Higher vegetable yields:
You will get 2x's the vegetable production out of a raised bed than a standard flat earth bed of the same dimensions. You can plant vegetables closer together because of better soil conditions. The higher yields are possible because you are protecting the gardening area from compaction. If a vegetable plant can grow downward and outward without their roots being stomp on and compacted, the plant will thrive. Thriving plants produce more. Plants can be grown closer together because there is plenty of room for their roots to extend deeply downward. They don't compete for space.

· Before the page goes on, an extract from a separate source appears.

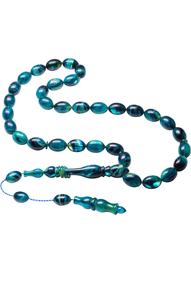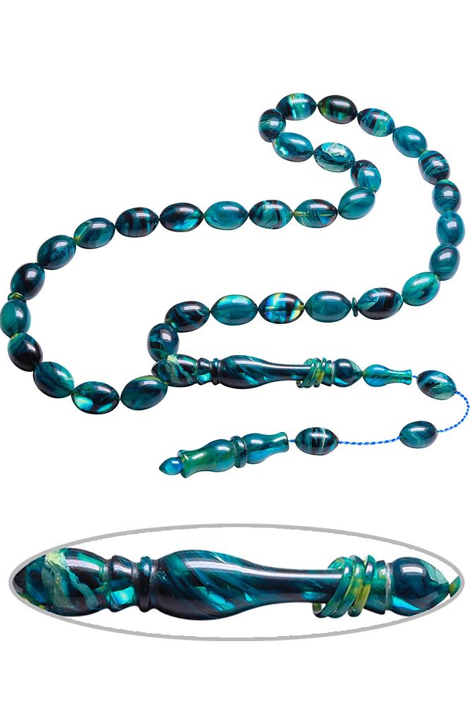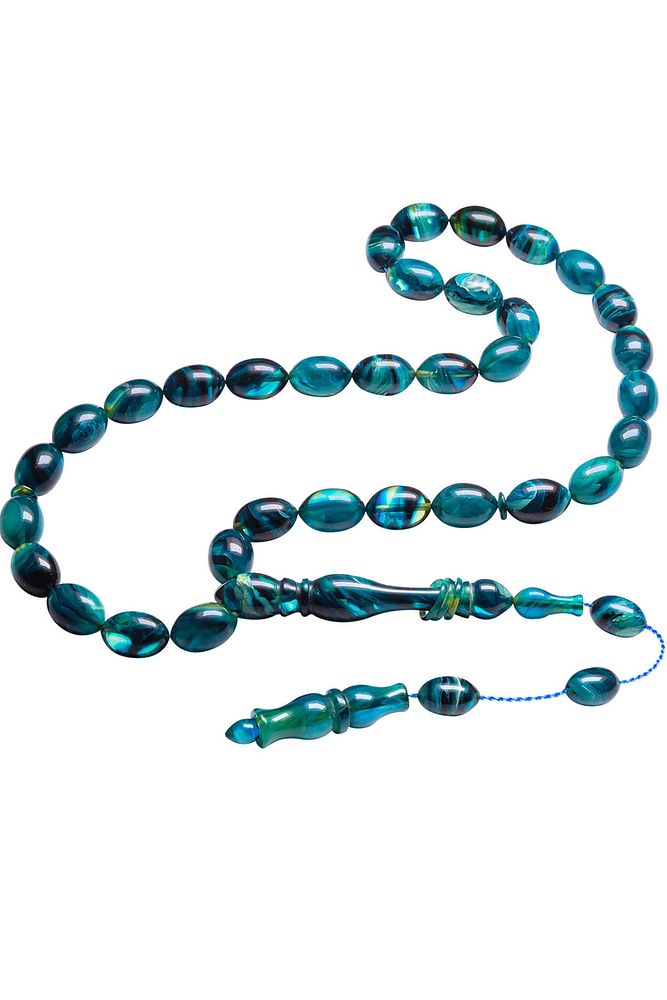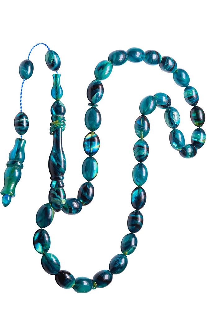 Sistemli Beyzi Kesim Halkalı Mavi Renk Hareli Orijinal Sıkma Kehribar Tesbih

You can add garden soil, organic matter and all the other good stuff to your raised bed in a focused and controlled manner. Soil compaction is greatly reduced, as mentioned above, because you never step in the bed. Soil compaction inhibits plant growth, oxygen uptake, and water circulation. Because you are framing off the specific growing area, you can better control what you put in it. It is much easier to add sand and organic matter to clay soil when you have a framed area. You can also purchase bulk soil delivery from your local nursery and fill the raised bed. You dig out the "bad soil" and dump in the new. For some areas it is easier to remove earth then amend it. Raised beds make this task much easier.

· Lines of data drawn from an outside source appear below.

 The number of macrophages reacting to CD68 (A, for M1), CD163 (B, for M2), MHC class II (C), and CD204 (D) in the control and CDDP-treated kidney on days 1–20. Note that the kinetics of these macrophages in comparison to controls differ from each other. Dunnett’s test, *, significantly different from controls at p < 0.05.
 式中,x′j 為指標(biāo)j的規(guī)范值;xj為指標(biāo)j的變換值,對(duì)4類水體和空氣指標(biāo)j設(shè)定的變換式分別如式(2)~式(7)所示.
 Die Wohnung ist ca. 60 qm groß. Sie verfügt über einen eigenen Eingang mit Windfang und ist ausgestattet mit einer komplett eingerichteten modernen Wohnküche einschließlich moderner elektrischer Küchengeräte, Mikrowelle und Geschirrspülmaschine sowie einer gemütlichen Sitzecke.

Your raised bed will drain more quickly and be less prone to staying soggy and thus promoting disease and seed rotting. Typically you should dig a raised bed down at least 2 feet. By doing this you create a garden bed that will drain water from the top on the soil to the bottom. This is a much healthier environment for your seeds and plants.
Better air circulation and more sunshine:
Raised beds tend to get better circulation and more sun depending how you set them up. Air circulation helps cut down on plant diseases. The standard raised bed plot should be 4 feet by 8 feet. You create the width of 4 feet because your arms have about a 2 foot reach. This allows you to tend to the entire garden from the surrounding walking paths. You don't need to step in it. By creating 18 inch to 2 foot walking paths between the raised beds, you create space for air circulation and more sunshine. Circulation and sunshine are paramount in disease prevention and strong growth.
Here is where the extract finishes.